Bears tight end Zach Miller announces his retirement: 'I physically cannot give the game and our fans what they deserve'

Zach Miller says it is “a blessing in itself” that he is able to walk without aid.

It was just short of 18 months ago that Miller nearly lost his left leg because of a grisly injury while trying to make a touchdown catch for the Bears in New Orleans. He needed nine surgeries before he could progress from standing to walking to most recently jogging.

But despite the difficult recovery, he wasn’t ready to give up on playing football again. On Tuesday, however, he officially closed that chapter of his life.

Miller, 34, announced his retirement in an Instagram post after 66 games in six NFL seasons.

“The time has come to move on from playing the game of football,” Miller wrote. “It has been an incredible journey for myself and my entire family and we can’t thank you enough for your continued support. I would love more than anything to step on Soldier Field one last time but I physically cannot give the game and our fans what they deserve.”

While attending a banquet to receive the Ed Block Courage Award last week, Miller indicated he would make a decision about his career by the time the Bears went to training camp so he wouldn’t take up more of the team’s resources.

The Bears signed Miller to a one-year contract last year even though he wouldn’t play. The deal allowed him to continue to rehab and be a part of the team off the field. But as Miller’s rehabilitation progressed over the last several months, he continued to encounter challenges, including pain when he jogs.

“Physically, I’m changed,” Miller said. “I have certain limitations, and I’m working on that. It’s a new normal, pain you kind of have to deal with. I still have some nerve issues going on I’m trying to adjust to, and I’ll see where that takes me. But yeah, it’s a little different.”

Miller started as a quarterback at Nebraska-Omaha before the Jaguars selected him in the sixth round of the 2009 draft and converted him to tight end. He played parts of three seasons with the Jaguars before a series of injuries sidelined him for three straight seasons.

He re-emerged in 2015 with the Bears to total 34 catches for 439 yards, and he followed with a career-high 47 catches for 486 yards in 2016. He was having another solid year in 2017 before he dislocated his knee and tore the popliteal artery in his leg during the game against the Saints.

After emergency surgery to save his leg, he said he experienced “probably the lowest points I’ve had in my life” over the next couple of days before he told himself, “This ain’t me.”

“I can’t change where I’m at, so dust yourself off, let’s look ahead and attack this thing,” he said.

Miller finished his career with 146 catches for 1,631 yards and 15 touchdowns, though he would argue it should be 16 touchdowns because what he considers a catch in the end zone when he was injured was controversially overturned.

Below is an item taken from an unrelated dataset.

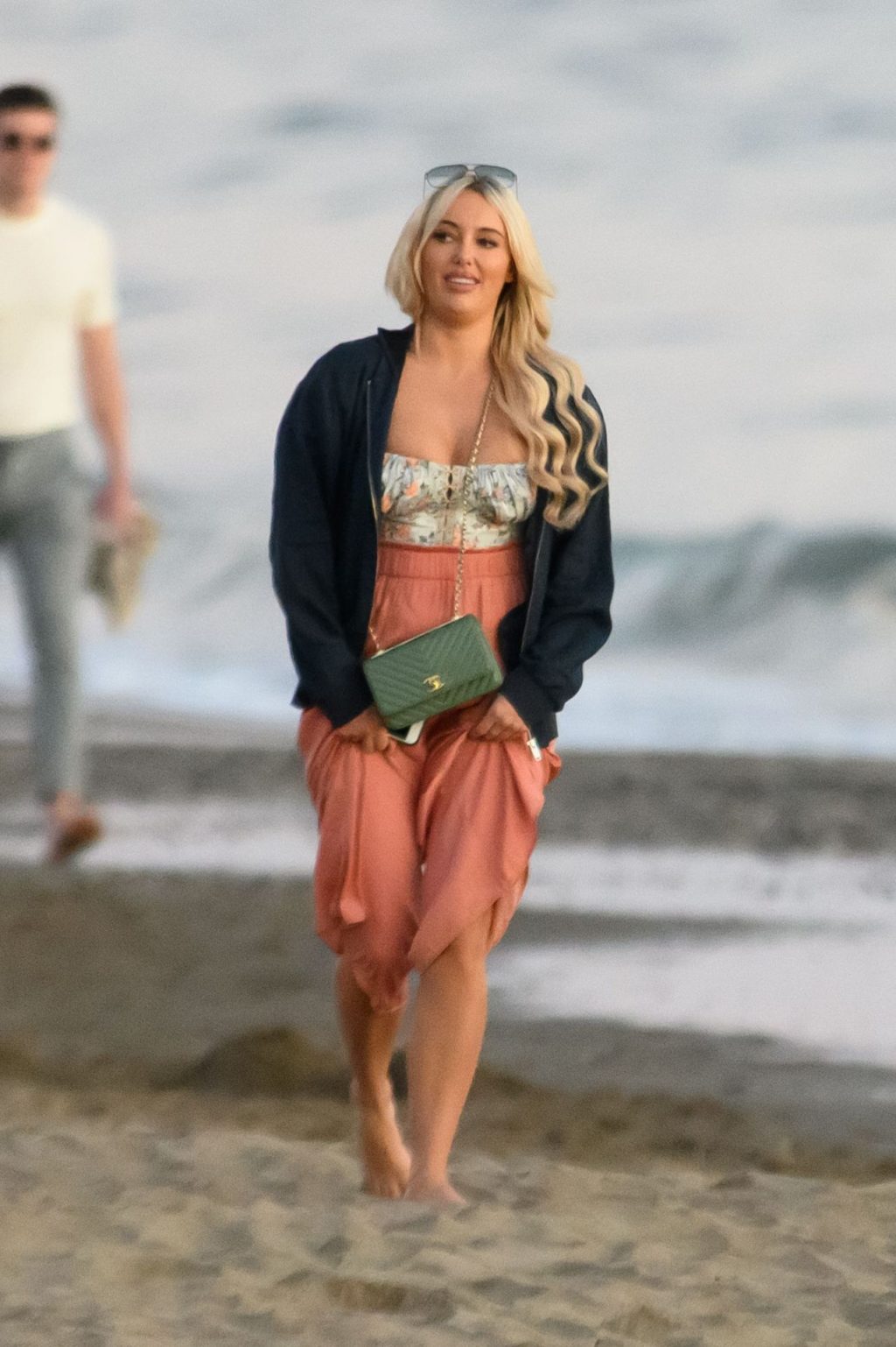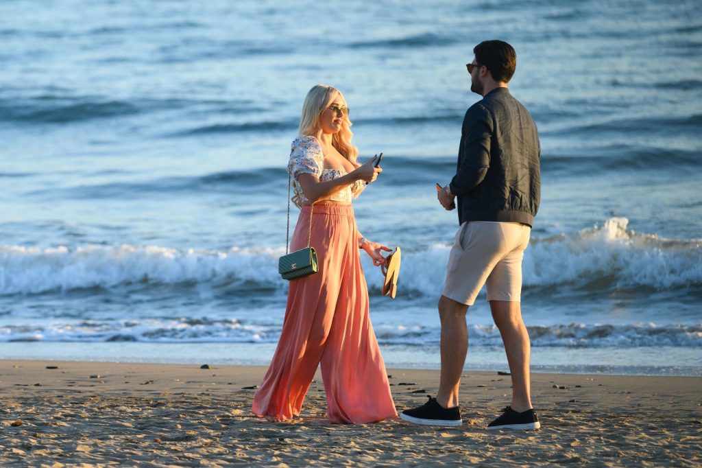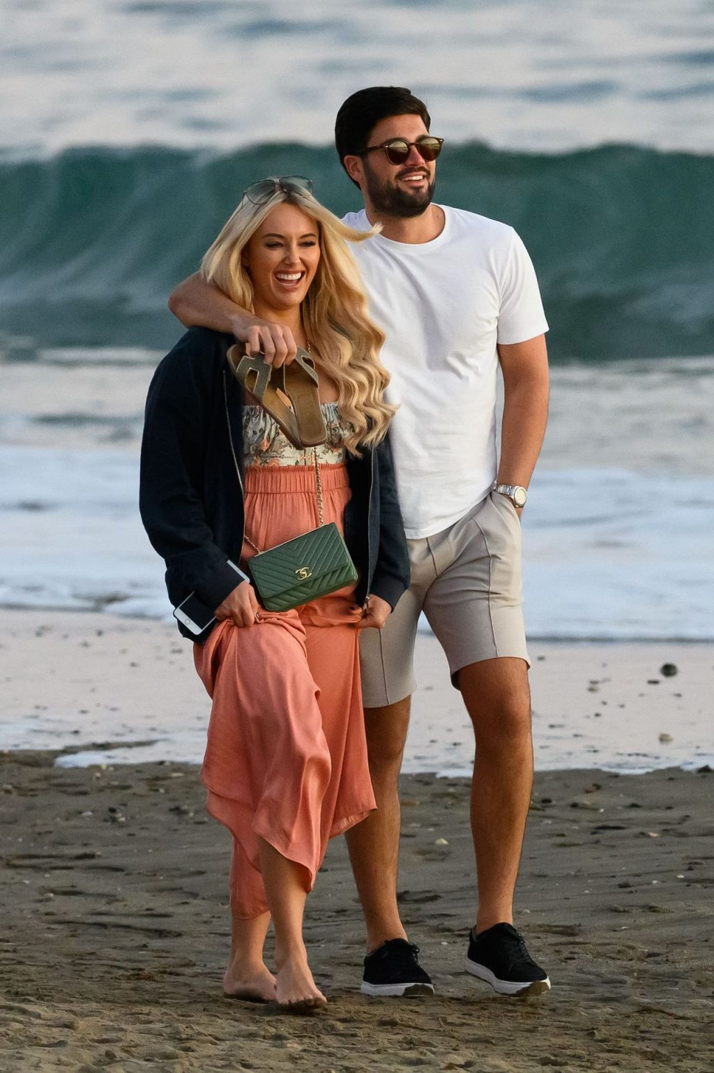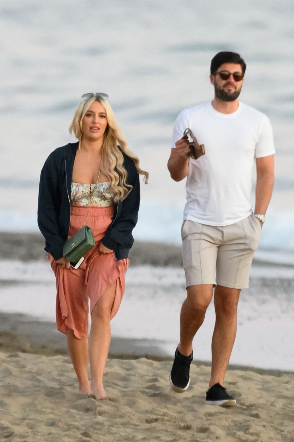 Amber Turner e Dan Edgar si godono gli ultimi giorni dell’anno a Marbella, in Spagna, in compagnia della famiglia di Dan, 29/12/2019. Dopo un piacevole pranzo in un bar sulla spiaggia, dove non si smette di ricevere campioni d’amore e baci, si godono una passeggiata romantica al tramonto.

BEARS REPORTEDLY TO PLAY IN LONDON OCT. 6: The NFL is releasing its 2019 schedule at 7 p.m. Wednesday, leaving plenty of time for leaks — and there already is another involving the Bears.

They’ll play the Raiders in London on Oct. 6, according to WGN-AM 720’s Harry Teinowitz, who for years has reliably published Bears game dates against specific opponents before the league’s official announcement.

At the owners meetings in Arizona last month, it was officially announced that the Bears will host the Packers in the league’s season-opening kickoff game on Thursday, Sept. 5. That prime-time rivalry will open the league’s 100th season.

The Bears are also expected to play on Thanksgiving Day, facing the Lions at Ford Field, according to a February report from the Sports Business Journal.